Along with many other drugs, Tramadol is garnering a lot of attention in the addiction recovery field for its potential in treating opioid withdrawal symptoms.
Why do doctors use Tramadol for opiate withdrawal?
Unlike other drugs which treat opioid dependence—methadone and suboxone, to name a few—Tramadol has a low potential for abuse. Like methadone and suboxone, however, it is a chemical substance which can be abused and cause an addiction. It’s also more efficient than other medications, with less of the side effects.
A superior aid
In the past few decades, many, many drugs have been tested for opioid dependence: clonidine, LAAM, levomethadyl, naloxone, naltrexone—and several more. Each of these drugs has its own clinical strengths and limitations. Tramadol simply tests slightly better than the rest. Doctors and researchers have found it to be the most efficient in treating depression, irritability, anxiety, and cravings.
Tramadol has less severe side effects than other medications
In general, people who take Tramadol experience some minor respiratory depression and toxicity, but much less sweating and drowsiness than with the other medications. Tramadol also has little effect on coordination, pattern recognition, reaction speed, and other psychomotor tasks, which cannot be said for many other medications used to treat alcohol withdrawal, like Xanax. Even when used properly, certain barbiturates can cause irreparable brain changes and early onset of consequential brain disorders.
Who can benefit from Tramadol during withdrawal?
Like all pharmaceutical treatments for addiction, Tramadol is most useful in cases of minor opioid abuse. Once a patient is deep in the addiction cycle, and they’ve become accustomed the bad habits, it’s unlikely that medication alone will solve the problem: you need behavioral intervention.

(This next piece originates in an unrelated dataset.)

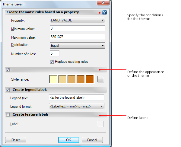 Tie the theme definition to the value of the parcels: lighter colors represent parcels with lower values and darker colors represent parcels with higher values. The parcel value is the "condition" used to determine the color of the parcel in the map.
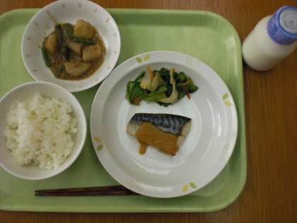 「ごはん、魚のピリ辛ソースかけ、野菜のおかかかけ、里芋の甘辛煮、牛乳」です。

Some people assume that prescription medication will essentially “cure” them of their illness. Not only is this mindset incorrect–there are no such magic potions–it’s likely to cause problems, because it fuels overconfidence, which causes relapse. These meds work in conjunction with an overall healthy lifestyle: the right kind of food, of sleep, of activity. Sometimes, they don’t work at all, which means it’s time to A) consider another, or B) continue forward without any, and see how you do.